# A few additions



## arcticshaun (Aug 18, 2007)

I'm fairly limited in space but I just couldn't stop myself (OK I didn't really try). I just added :
Paph Joyce Hasegawa
Paph Lady Isabel
Paph Sanders Pride

I know that not much compared to some of your orders but these are seedlings and when (if) they mature I'll be sleeping in a tent because my house is overgrown. I also bought a greenhouse this year but I didn't summer any 'chids outside because I wanted to see what kind of temps it got. You know how that goes - orchids outside all summer don't fit back inside for the winter.

Shaun


----------



## smartie2000 (Aug 18, 2007)

arcticshaun said:


> I'm fairly limited in space but I just couldn't stop myself


...seems I'm in the same situation, lol

excellent purchases, I don't have enough multiflorals but I have no room for them


----------



## Heather (Aug 18, 2007)

Just don't develop a kolopakingii hybrid habit - it dooms you. 
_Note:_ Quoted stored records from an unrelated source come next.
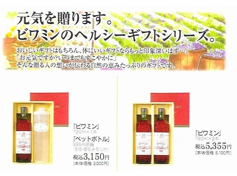 ビワミンは、巨峰を木樽で発酵熟成させたワイン酢と米酢を主原料にビワの葉エキス・ビタミン・カルシウム・ハチミツ・ローヤルゼリー等を加え、各種成分の栄養バランスを考えて開発されました。
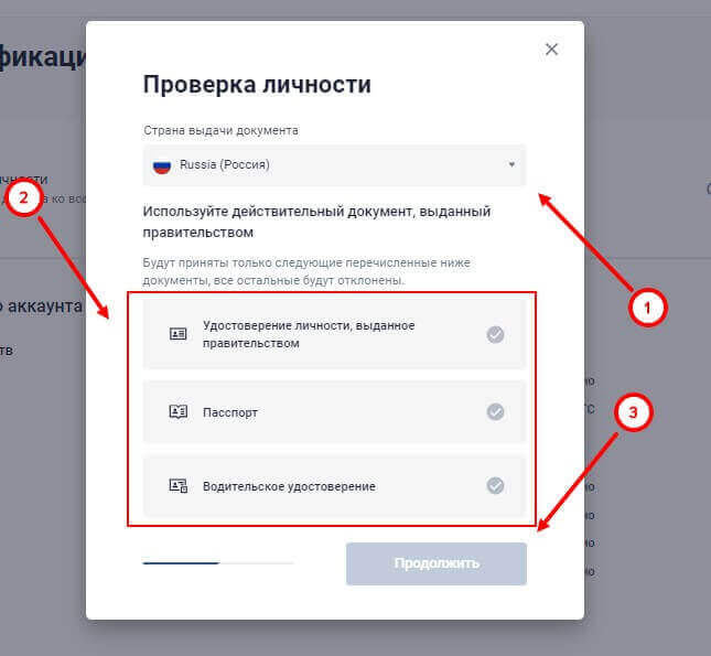 Нажав на кнопку «Продолжить», пользователь откроет окно, где будет предложено указать страну, где был выдан документ, а также выбрать один из вариантов подтверждения личности: паспорт, удостоверение личности, выданное правительством, или водительское удостоверение. Перед тем, как нажать на кнопку «Продолжить», обязательно проверьте правильность выбранных данных. Убедитесь, что выбранный вариант подтверждения личности соответствует вашему документу и включает в себя все необходимые данные.
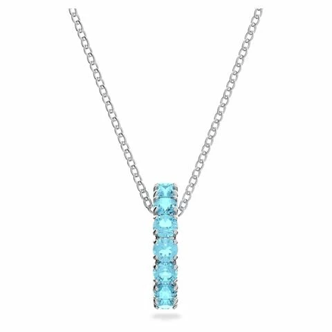 Bring harmony to your look with this beautiful Swarovski Exalta Pendant in blue with rhodium plating. It features aquamarine crystals – a colour often associated with tranquillity and it’s finished with a sleek rhodium plated setting. This serene piece is just what you need to be wearing in the CBD.

Poor multiflorals, they always get spaced out, don't they? Still, they're my favorites!


----------



## Elena (Aug 18, 2007)

Congrats! Great plants, I'm currently obessed with finding a nice Lady Isabel myself!



Heather said:


> Poor multiflorals, they always get spaced out, don't they? Still, they're my favorites!



They are my favourites too, I just got a philippinense in the post this morning and to accomodate them all had to buy some shelves and grow lights. Oh dear


----------



## goldenrose (Aug 18, 2007)

Three nice choices Shaun!


----------



## NYEric (Aug 18, 2007)

Good haul.


----------